Statins or not? New study aims to help doctors and patients decide

A study indicates statins have gotten an undeserved bad reputation.

Story highlights

  • A new study reviews harms and benefits of statins treating patients with elevated LDL cholesterol
  • The benefits were were shown to greatly outweigh any harms of taking the drug
  • Harms linked to the drugs were considered 'tiny'

(CNN)The thought that comes to mind when you hear the word "statin" may depend on your age. Below the age of 40 and you may not have come across them, but for everyone else, these drugs can be something they love, or equally as often, loathe.

But a major review, published Thursday, has found that the benefits provided by the drugs, and lives saved, have been underestimated -- and the harms over exaggerated..
    Statins are a class of drugs used to reduce low-density lipoprotein, LDL cholesterol, within the body. They are prescribed to people with high LDL cholesterol, when levels are above two to three milliliters of cholesterol per liter of blood. These individuals are at risk of cardiovascular diseases such as heart disease, stroke and heart attack. The drug works by inhibiting the enzyme involved in the body's ability to produce this form of cholesterol.
      They are a common prescription among the 73.5 million adults with high LDL cholesterol in the United States. Among the US population, 26% of adults were using statins in 2012, according to the Centers for Disease Control and Prevention. Globally, raised cholesterol levels are estimated to cause 2.6 million deaths each year, according to the World Health Organization.
      But statins have a reputation that precedes them, with people often worried about taking them, or going as far as declining them, without always knowing the evidence behind their decision. There have been reports of the drug causing side effects that include an increased risk of hemorrhagic stroke, muscle pain and weakness and diabetes, causing acceptance of the drug to be split.
      The new study conducted analyzed all available evidence on the safety and efficacy of statin therapy, to provide the evidence needed to help people make their decision. It was decidedly in their favor.
        "Statins have had a huge impact on reducing cardiovascular events," said Rory Collins, BHF professor of medicine and epidemiology at the Nuffield Department of Population Health, part of the University of Oxford.
        "There are many misleading claims about statins ... [but] people tend to underestimate the benefits," he said.

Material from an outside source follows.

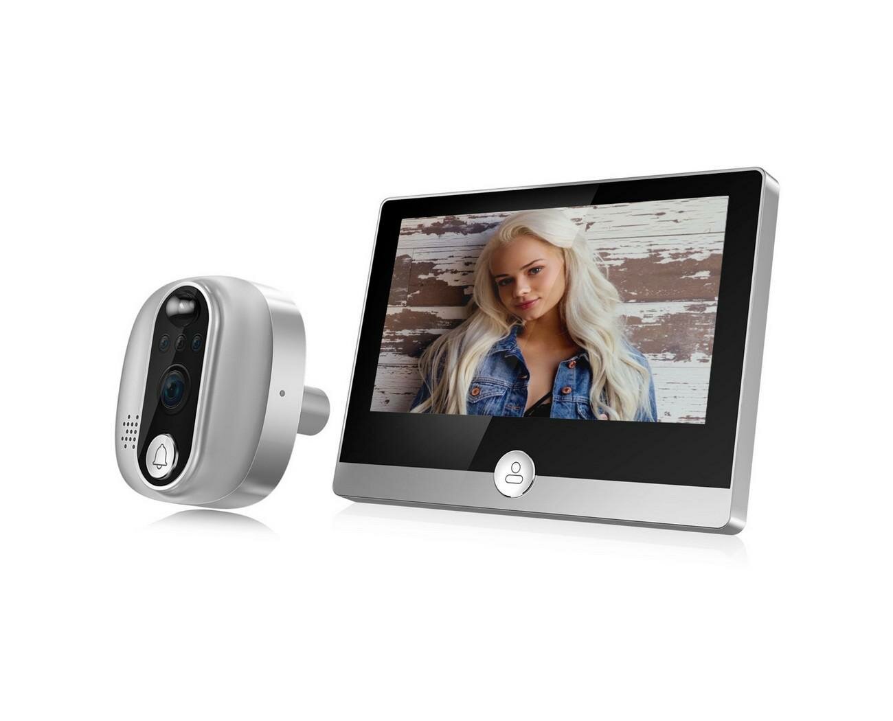 Купить Цветной HD видеоглазок Tuya Wi-Fi для двери iHome Mod:Sw1-Tuya (O46215TU) с датчиком движения и записью на SD карту. Экран 4,3 дюйма. Камера 2MP

        How beneficial are they?

        After reviewing all the available evidence on the harms and benefits of statins, the study had a few key findings, including one based on the daily use of 40 mg of the drug atorvastatin for five years and by 10,000 patients. Among these 10,000 patients, the study predicted the drug would prevent 1,000 people having major cardiovascular events (heart attacks, strokes and coronary artery bypasses) who had pre-existing heart conditions. The same regimen would also prevent 500 cardiovascular events in people who are at increased risk, due to diabetes or hypertension for example, but haven't had a heart condition.